About this exercise
Omit the pictures and reproduce the rest of the listing exactly.

Dataset section
_ _ _ _
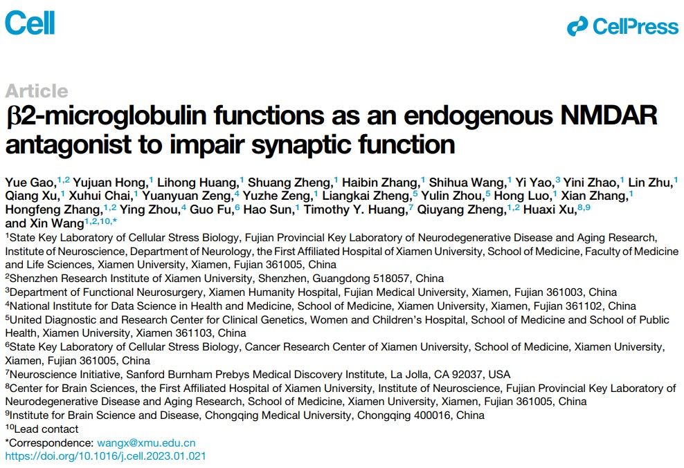 β2-微球蛋白是免疫学领域的明星分子,它负责把入侵身体的病原体信息传递给免疫细胞,从而指挥免疫系统抵御外来细菌和病毒,保护我们的健康。然而,在唐氏患者体内,游离的β2-微球蛋白水平显著升高,却会对神经系统产生不良影响,显示了该蛋白在免疫和神经系统中的两面性。在本论文中,王鑫教授团队发现了β2-微球蛋白在神经系统中的功能与其在免疫系统中的经典作用完全不同,即β2-微球蛋白通过抑制对于学习记忆至关重要的谷氨酸受体,从而造成认知损伤。
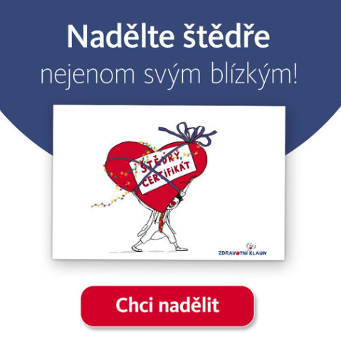 Pozn. red.: Váháte s nějakým dárkem. Nemusíte. Získejte Štědrý certifikát od Zdravotního klauna s vlastním věnováním. Darováním pošlete radost nemocným dětem a jejich rodičům, kteří musí trávit období Vánoc v nemocnicích. A nebo právě seniorům, kterým klauni dělají radost. Po zaplacení si budete moci stáhnout Štědrý certifikát s vaším osobním věnováním. Stačí ho jen vytisknout nebo si ho nechat poslat elektronicky. Certifikát Vám Zdravotní klaun zašle i poštou včetně červené obálky. Na Vás bude už jen darovat ho někomu pod stromeček. Nabídka zaslání poštou platí pouze do 20.12. 2023. |
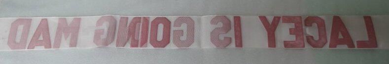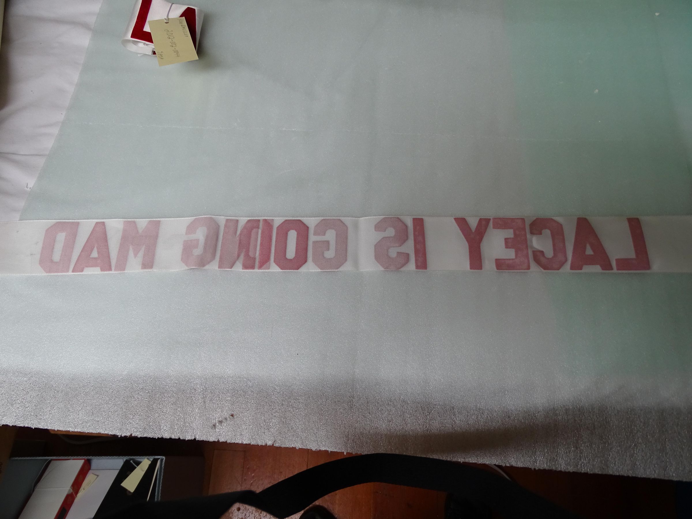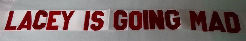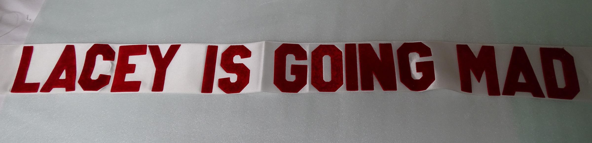 White satin-like cloth with red velvet letters attached that reads "Lacey is going mad". The cloth is long and narrow and was intended to be worn as a sash.
_ _ _ _
Answer for this exercise
 β2-微球蛋白是免疫学领域的明星分子,它负责把入侵身体的病原体信息传递给免疫细胞,从而指挥免疫系统抵御外来细菌和病毒,保护我们的健康。然而,在唐氏患者体内,游离的β2-微球蛋白水平显著升高,却会对神经系统产生不良影响,显示了该蛋白在免疫和神经系统中的两面性。在本论文中,王鑫教授团队发现了β2-微球蛋白在神经系统中的功能与其在免疫系统中的经典作用完全不同,即β2-微球蛋白通过抑制对于学习记忆至关重要的谷氨酸受体,从而造成认知损伤。
 Pozn. red.: Váháte s nějakým dárkem. Nemusíte. Získejte Štědrý certifikát od Zdravotního klauna s vlastním věnováním. Darováním pošlete radost nemocným dětem a jejich rodičům, kteří musí trávit období Vánoc v nemocnicích. A nebo právě seniorům, kterým klauni dělají radost. Po zaplacení si budete moci stáhnout Štědrý certifikát s vaším osobním věnováním. Stačí ho jen vytisknout nebo si ho nechat poslat elektronicky. Certifikát Vám Zdravotní klaun zašle i poštou včetně červené obálky. Na Vás bude už jen darovat ho někomu pod stromeček. Nabídka zaslání poštou platí pouze do 20.12. 2023. |
 White satin-like cloth with red velvet letters attached that reads "Lacey is going mad". The cloth is long and narrow and was intended to be worn as a sash.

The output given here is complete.